GIVEN DATA: Begin

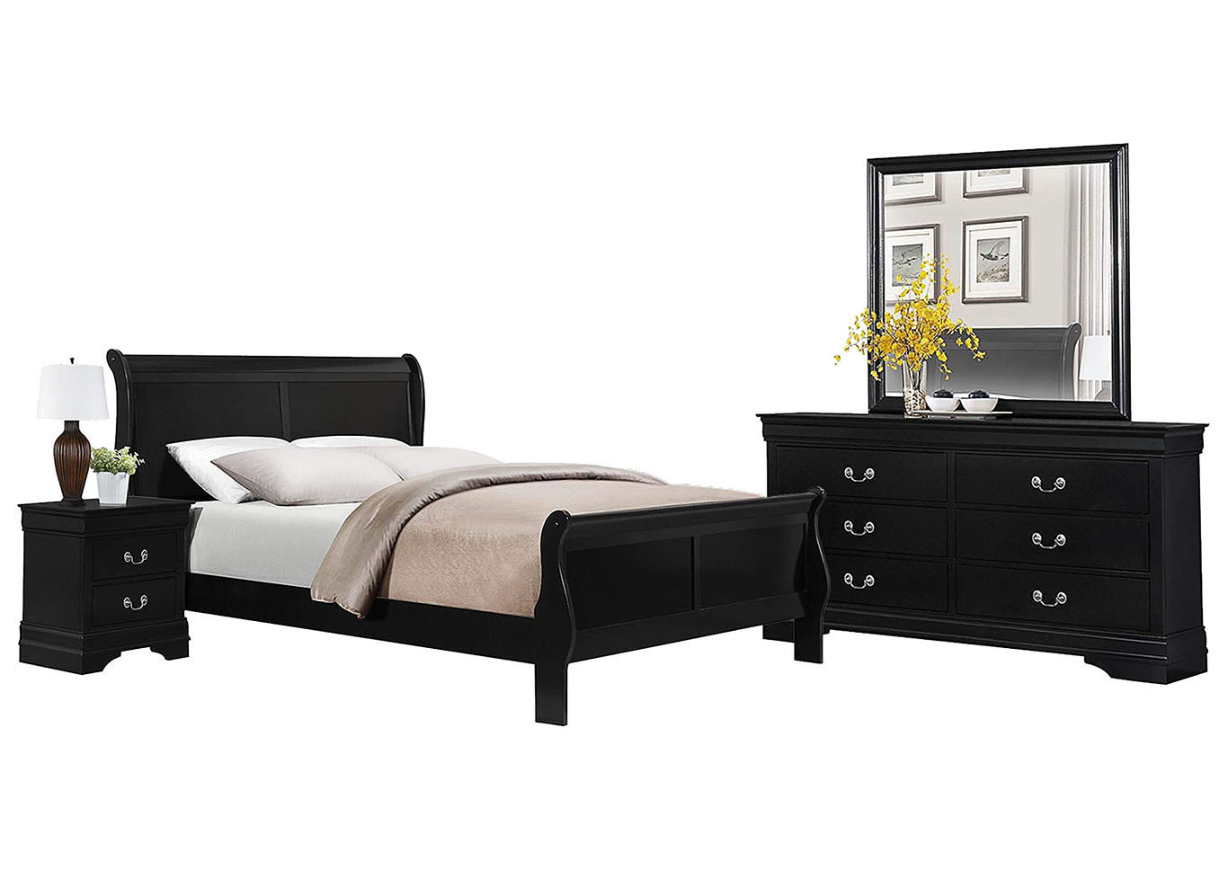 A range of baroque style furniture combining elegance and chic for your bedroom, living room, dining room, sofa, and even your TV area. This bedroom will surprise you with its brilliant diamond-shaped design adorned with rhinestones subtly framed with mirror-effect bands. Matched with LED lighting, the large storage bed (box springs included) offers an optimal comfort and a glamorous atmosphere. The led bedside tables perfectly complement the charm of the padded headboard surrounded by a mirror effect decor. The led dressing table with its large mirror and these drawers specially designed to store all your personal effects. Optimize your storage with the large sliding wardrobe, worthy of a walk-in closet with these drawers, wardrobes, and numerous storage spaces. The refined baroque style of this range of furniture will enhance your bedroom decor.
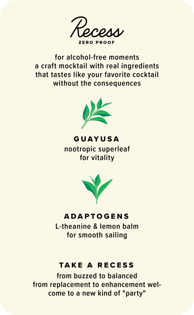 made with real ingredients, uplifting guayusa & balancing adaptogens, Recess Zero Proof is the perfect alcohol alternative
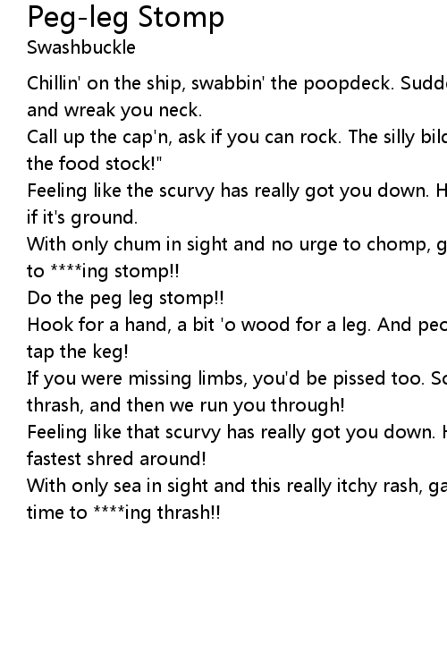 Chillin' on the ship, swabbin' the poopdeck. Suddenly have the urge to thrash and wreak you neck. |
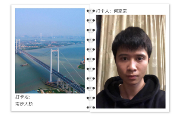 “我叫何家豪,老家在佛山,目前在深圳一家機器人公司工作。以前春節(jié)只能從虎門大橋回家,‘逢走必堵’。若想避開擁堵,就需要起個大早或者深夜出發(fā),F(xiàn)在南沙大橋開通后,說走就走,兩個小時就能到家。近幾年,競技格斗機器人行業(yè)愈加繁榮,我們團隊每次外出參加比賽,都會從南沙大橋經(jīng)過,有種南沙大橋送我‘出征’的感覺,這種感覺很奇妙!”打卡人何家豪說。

GIVEN DATA: End

Each line of the data above is to be output exactly; the pictures are not to appear.

• [REPLY TO THE TASK]
 A range of baroque style furniture combining elegance and chic for your bedroom, living room, dining room, sofa, and even your TV area. This bedroom will surprise you with its brilliant diamond-shaped design adorned with rhinestones subtly framed with mirror-effect bands. Matched with LED lighting, the large storage bed (box springs included) offers an optimal comfort and a glamorous atmosphere. The led bedside tables perfectly complement the charm of the padded headboard surrounded by a mirror effect decor. The led dressing table with its large mirror and these drawers specially designed to store all your personal effects. Optimize your storage with the large sliding wardrobe, worthy of a walk-in closet with these drawers, wardrobes, and numerous storage spaces. The refined baroque style of this range of furniture will enhance your bedroom decor.
 made with real ingredients, uplifting guayusa & balancing adaptogens, Recess Zero Proof is the perfect alcohol alternative
 Chillin' on the ship, swabbin' the poopdeck. Suddenly have the urge to thrash and wreak you neck. |
 “我叫何家豪,老家在佛山,目前在深圳一家機器人公司工作。以前春節(jié)只能從虎門大橋回家,‘逢走必堵’。若想避開擁堵,就需要起個大早或者深夜出發(fā),F(xiàn)在南沙大橋開通后,說走就走,兩個小時就能到家。近幾年,競技格斗機器人行業(yè)愈加繁榮,我們團隊每次外出參加比賽,都會從南沙大橋經(jīng)過,有種南沙大橋送我‘出征’的感覺,這種感覺很奇妙!”打卡人何家豪說。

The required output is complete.